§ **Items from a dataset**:
===============
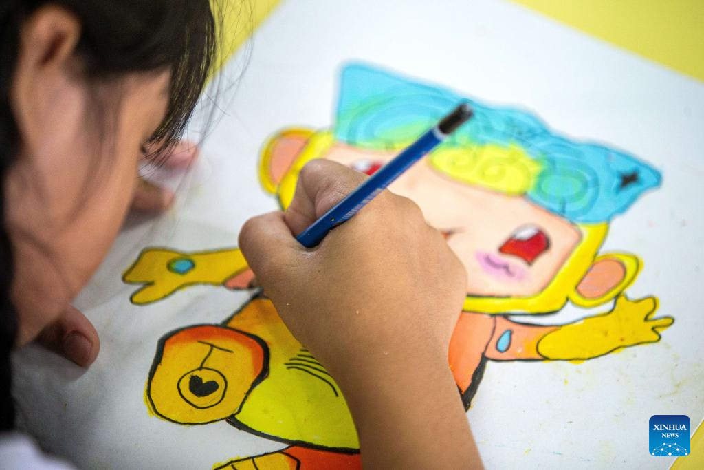 A student of the Samchaiwitaedsuksa School draws a mascot of the Hangzhou Asian Games in Samut Sakhon, Thailand, Aug. 4, 2023. (Xinhua/Wang Teng)
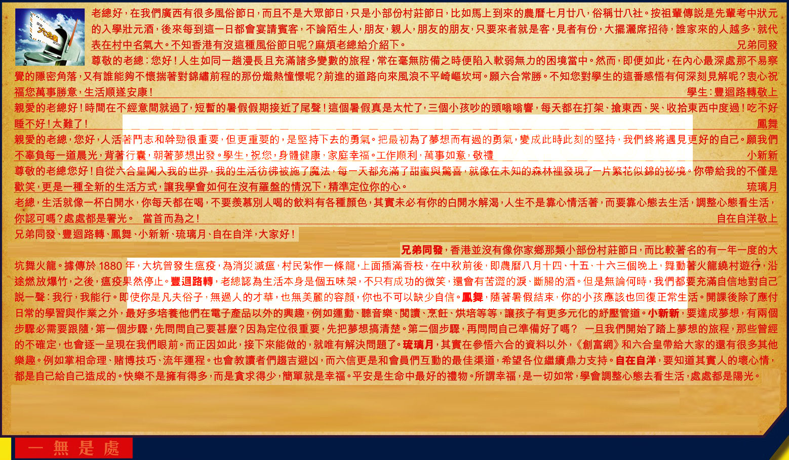 【5】.尊敬的老總您好!自從六合皇闖入我的世界,我的生活彷佛被施了魔法,每一天都充滿了甜蜜與驚喜,就像在未知的森林裡發現了一片繁花似錦的秘境。你帶給我的不僅是歡笑,更是一種全新的生活方式,讓我學會如何在沒有羅盤的情況下,精準定位你的心。 琉璃月
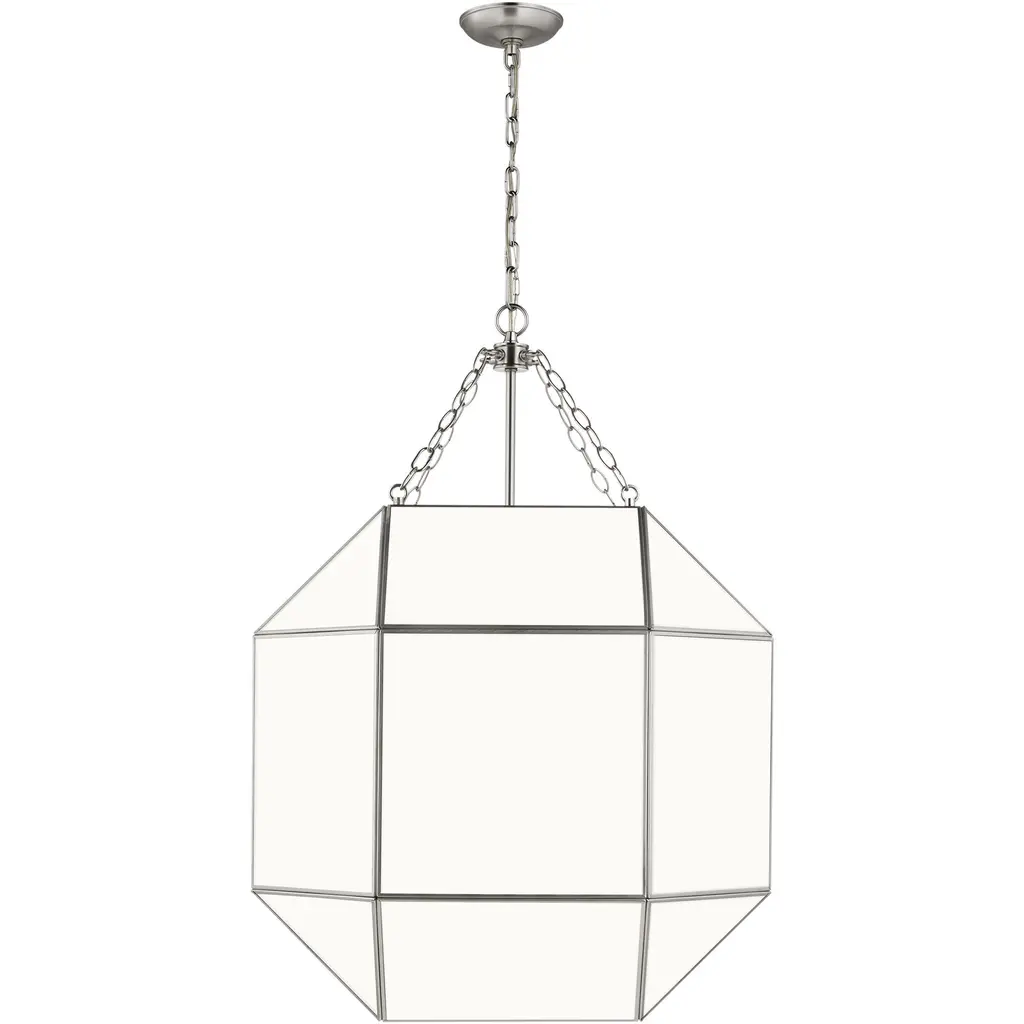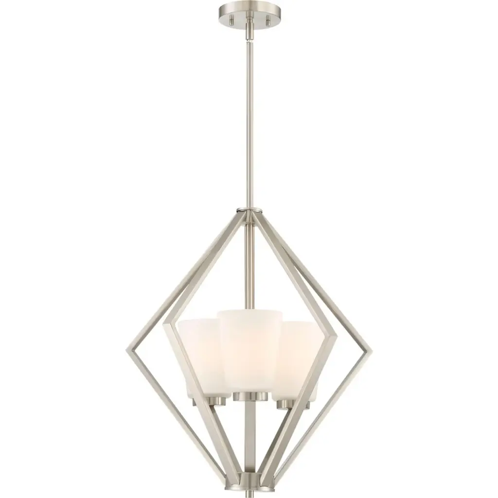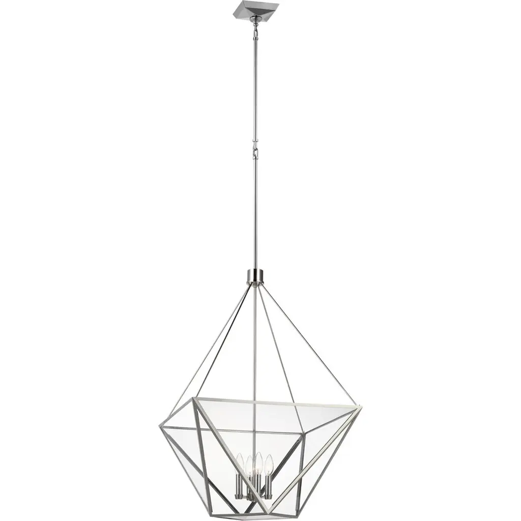 Collection: Prism, Material: Steel, Finish Color: Brushed Nickel, Width: 26", Height: 25", Hanging Method: Chain, Chain Length: 72", Lamping Type: Incandescent, Number Of Bulbs: 6, Wattage: 360 Watts, Moisture Rating: Dry Rated, Desc: Sleek and contemporary, our Prism collection is influenced by modern industrial style. This chandelier features a antique brass finish which has a striking triangular shape.,
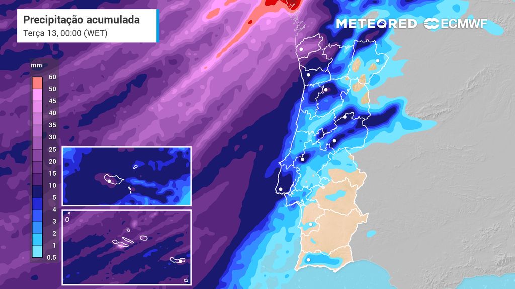 Até ao final do dia de terça-feira (13) grande parte do país terá acumulado entre 20 e 30 mm de chuva. Quanto aos distritos de Viana do Castelo, Braga, Porto, Aveiro, Vila Real, Viseu e na zona correspondente à serra da Estrela espera-se entre 30 e 70 mm devido ao efeito orográfico exercido pela Barreira de Condensação e pela Cordilheira Central (onde se insere a Serra da Estrela).
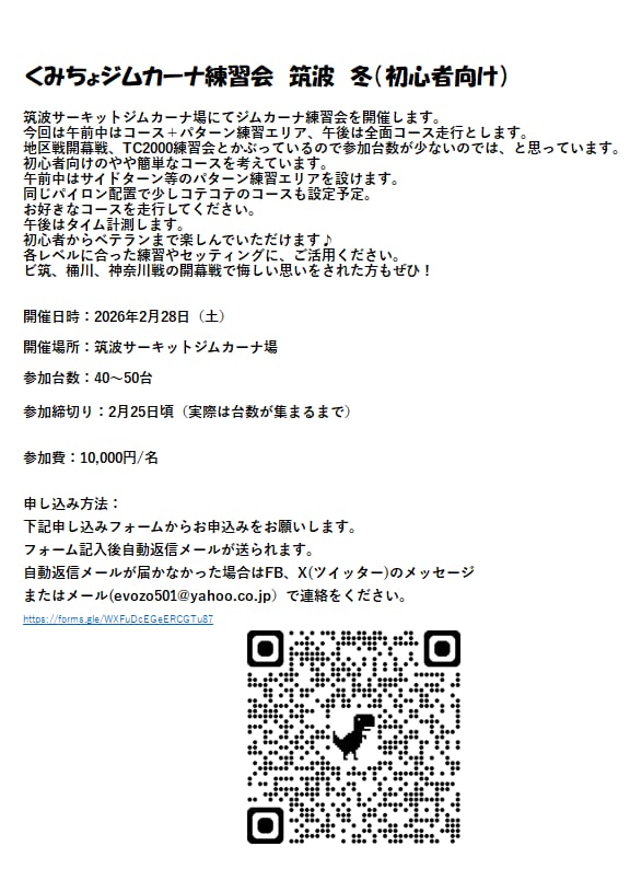 ジムカーナ練習会のお問い合わせはメール(t-umezawa@www.io-info.link)か、facebookのメッセージにてお願いします。
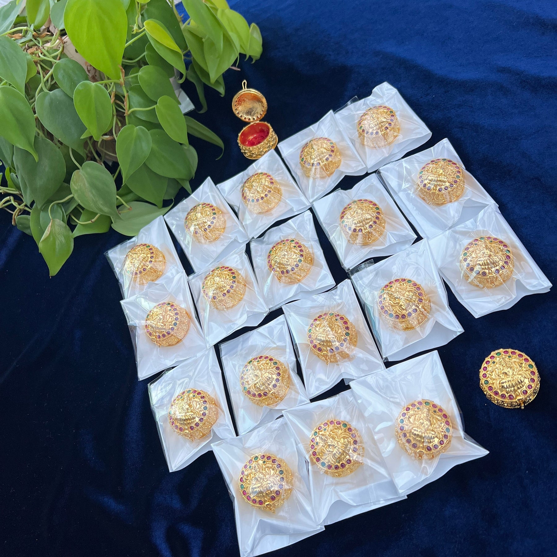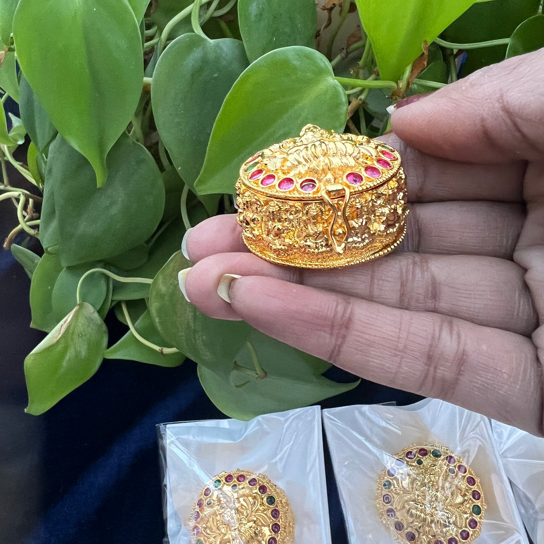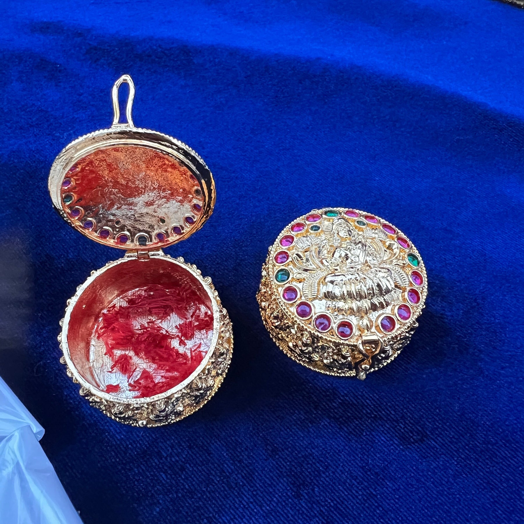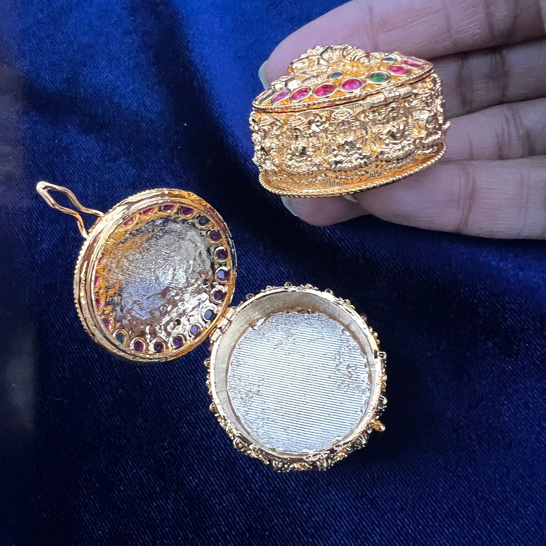 Antique matt finish haldi/ turmeric/ kumkum holder with aesthetically crafted peacock design and cute pearls embellished all over the kumkum box makes this an ideal gift or for decorating your pooja room. Has red stones studded all around. Can be used as ring holder or trinket box to hold your small sized precious gifts. This kumkum box comes with free shipping offer.
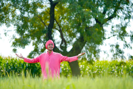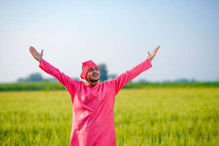 Young indian farmer standing his wheat field and giving happy expression
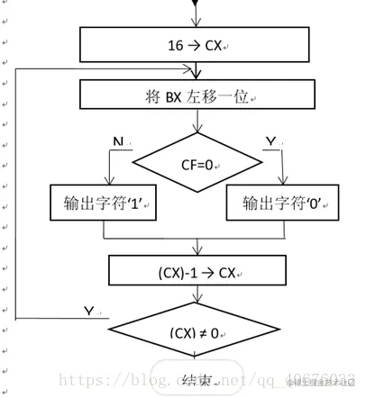 5. 将BX寄存器中的数用16位二进制数形式显示出来。
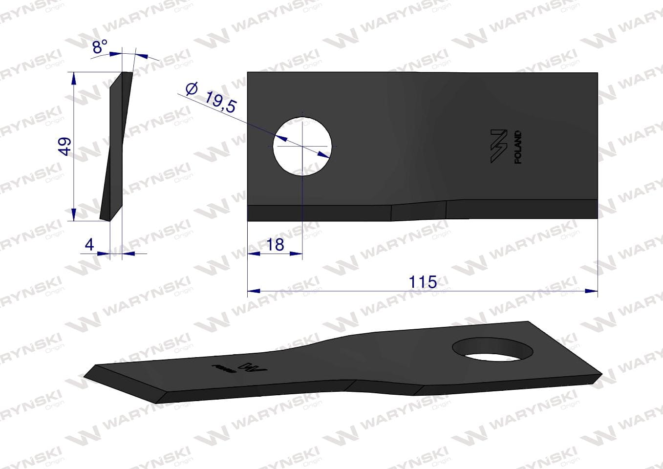Nóż nożyk kosiarka dyskowa 115x49x4mm (12P+12L) zastosowanie Samasz WARYŃSKI ( sprzedawane po 24. 12P+12L )
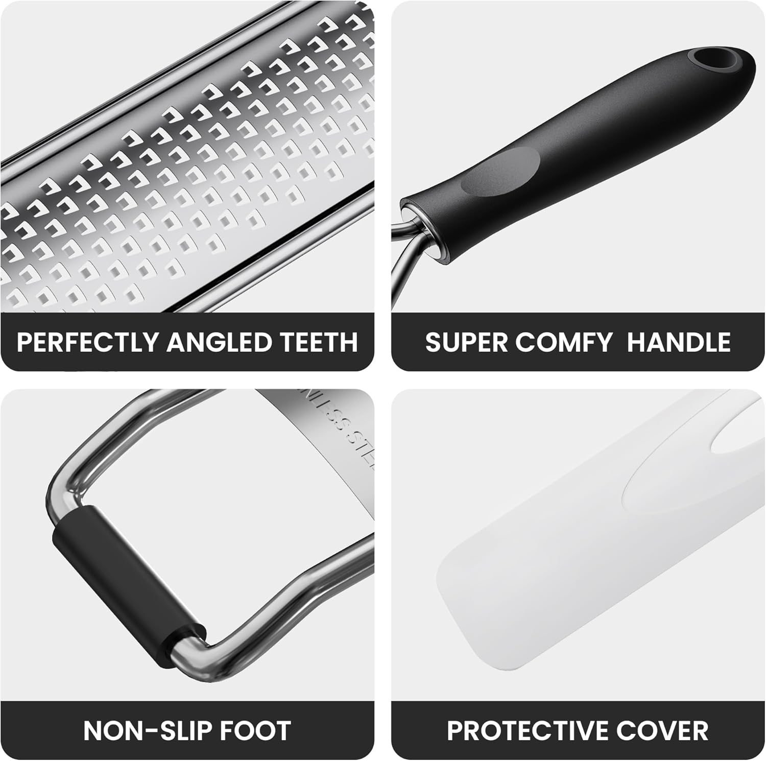 - Cheese grater with non-slip pads on the front to prevent slipping, comes with a protective cover
===============
§ **WHAT YOU ARE ASKED TO DO**:
Quote the lines above exactly, starting with the one that has "Até ao final" and ending with the one that has "ジムカーナ練習会のお問い合わ"; drop the pictures and include nothing else.

§ **EXERCISE RESPONSE**:
 Até ao final do dia de terça-feira (13) grande parte do país terá acumulado entre 20 e 30 mm de chuva. Quanto aos distritos de Viana do Castelo, Braga, Porto, Aveiro, Vila Real, Viseu e na zona correspondente à serra da Estrela espera-se entre 30 e 70 mm devido ao efeito orográfico exercido pela Barreira de Condensação e pela Cordilheira Central (onde se insere a Serra da Estrela).
 ジムカーナ練習会のお問い合わせはメール(t-umezawa@www.io-info.link)か、facebookのメッセージにてお願いします。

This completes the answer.